Table 2: Mean plant height, leaf number per plant and leaf to stem ratio of chomo grass tested at Haro sabu and Nedjo site.
Number of leaves Per Plant
The leaf number per plant was significantly varied at Haro sabu between treatments due to the combined application of biochar and inorganic fertilizer though insignificant at the Nedjo site. At Haro sabu site, the highest leaf number per plant was recorded for T6 (4.4) followed by T3 (4.2), and the lowest was recorded for the control treatment (3.4). While at the Nedjo site, the higher leaves number per plant (4.67) was recorded for T5, T2 and T6, and the lower leaf number was recorded for T1 (3.93). The leaf number per plant of chomo grass across sites showed significant differences among treatments (Table 2). The highest number of leaves per plant (4.4) was recorded at 25% biochar with 75% inorganic fertilizer application (T5) which was at par with other treatments except for the control treatment (T1) while the lowest (3.67) was recorded in neither biochar nor inorganic fertilizer application (T1). Combined application of inorganic fertilizer with biochar has improved the leaf amount as compared to the control treatment. This result is in line with Saarnio et al. [19], who reported that biochar application integrated with fertilizer helps to increase plant leaf number. Xu et al. [6] also reported that considerable improvement of leaf photosynthesis and capacity were observed on biochar amended soils, which they attributed to increased leaf number and soil available nitrogen.
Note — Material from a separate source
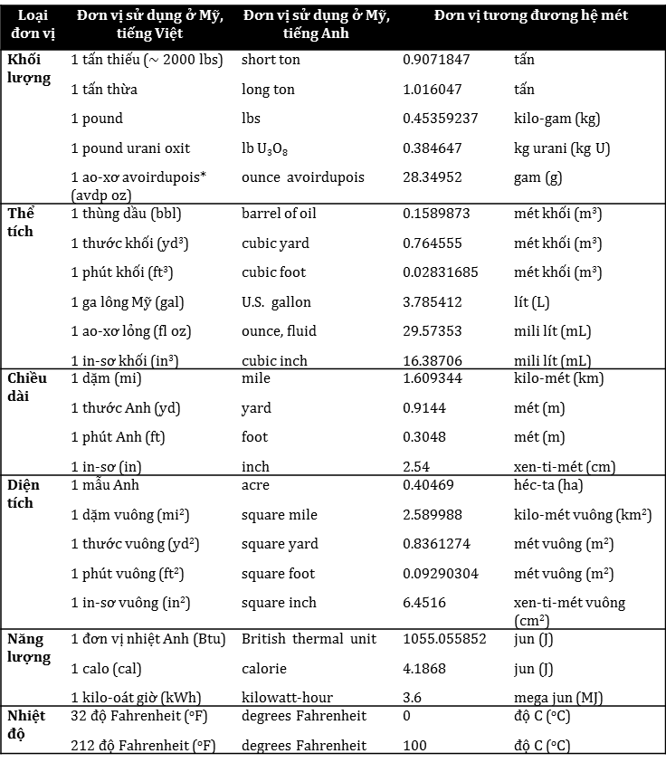 Phụ Lục D: Bảng quy đổi đơn vị hệ mét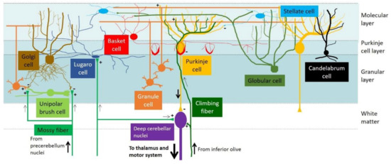 - Schilling, K.; Oberdick, J.; Rossi, F.; Baader, S.L. Besides Purkinje cells and granule neurons: An appraisal of the cell biology of the interneurons of the cerebellar cortex. Histochem. Cell Biol. 2008, 130, 601–615. [Google Scholar] [CrossRef] [PubMed]

Koul [20], reported that the level of fertilizer increased the leaf number increased due to the ability of fertilizer that promoted leaf yield via cell division and elongation. The leaf number per plant is an excellent indicator of herbage yield and nutritional value and a higher amount of leaves has a higher content of protein and digestible dry matter [21].
Leaf to Stem Ratio
Combined application of different levels of biochar with inorganic fertilizer showed significant differences (P<0.05) in the Leaf to Stem ratio of chomo grass at the forage harvesting stage (Table 2). The highest LSR (0.54 and 0.51) was recorded in sole inorganic fertilizer application (T6) and biochar alone (T2) at Haro sabu and Nedjo site, respectively. While the lowest (0.42 and 0.38) was recorded in 75% biochar with 25% inorganic fertilizer application (T3) at both sites. From the overall mean of LSR of chomo grass, the highest LSR (0.51) was recorded at sole inorganic fertilizer application (T6) and biochar alone (T2) while the lowest (0.41) was recorded in75% biochar with 25% inorganic fertilizer application (T3). Higher leaves to stem ratio is generally an indication of the better nutritional value of grass. This could be because of the slow release of nutrients from biochar that helps to enhance the increment of leaf than stem. The current result agreed with Xu et al. [6], who reported that significant improvement in leaf photosynthesis and capacity were seen on biochar-amended soils, which they attributed to increased leaf number.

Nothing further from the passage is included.